The Chicxulub crater is located half offshore and half on-land in the Yucatan platform of the southern Gulf of Mexico, and is buried by a sequence of Tertiary carbonate rocks [6,16]. The carbonate sedimentary cover has partly protected the impact ejecta from erosion and weathering. There is interest in studying the reestablishment of carbonate deposition and erosive processes after crater formation from slumping, sea water back surge and rim collapse. Impact polymictic breccias have been drilled at four localities inside the crater and at two localities outside the crater rim in the southern sector [23]. Carbonate breccias have been drilled outside the crater rim at six localities [23]. The western and eastern sectors of the crater have been less studied, as compared to the offshore northern sector and the sector to the south. Study of those sectors is important for a number of factors, including target pre-impact structures, platform evolution and karsticity and possible asymmetries in crater morphology and ejecta distribution inside and outside crater rim. Gravity and magnetic anomalies show departures from the concentric semicircular pattern, suggesting asymmetry of crater geometry and melt and breccia deposits. Outside the crater rim in the eastern sector, the cenotes show higher density and scattered distribution as compared to the south [4,12,16,17].

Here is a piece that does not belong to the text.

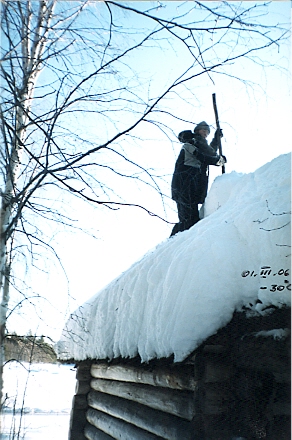Разбивали лед возле впадающей речки. Тонкими льдинками я бросался в Человека–Руку. В бане пришлось прочищать заваленную снегом трубу.

In this paper, we report on the initial results of the study in the eastern on-land sector of the crater, in the area between Merida and Valladolid (Fig. 1) and discuss their implications for crater morphology, ejecta deposit distribution and post-impact carbonate sequence.
2 Chicxulub crater
The Chicxulub crater has an approximate center at Chicxulub Puerto on the present coastline (Fig. 1); it has been imaged by geophysical surveys including gravity, magnetics, magnetotellurics and seismic reflection and refraction. Gravity anomalies delineate a series of nearly concentric anomaly patterns that have been related to crater morphology, which are enhanced in the horizontal gravity anomalies [4,7]. The central sector is characterized by high amplitude, high frequency magnetic anomalies, which are related to the central uplift and the magnetic breccias and melt. On the surface, the buried crater is expressed in the semicircular array of sinkholes referred to as the cenote ring (Fig. 1). Analyses of topographic charts, digital terrain model and GPS measurements indicated the occurrence of a topographic depression related to the cenote circular ring [4,12,16,17].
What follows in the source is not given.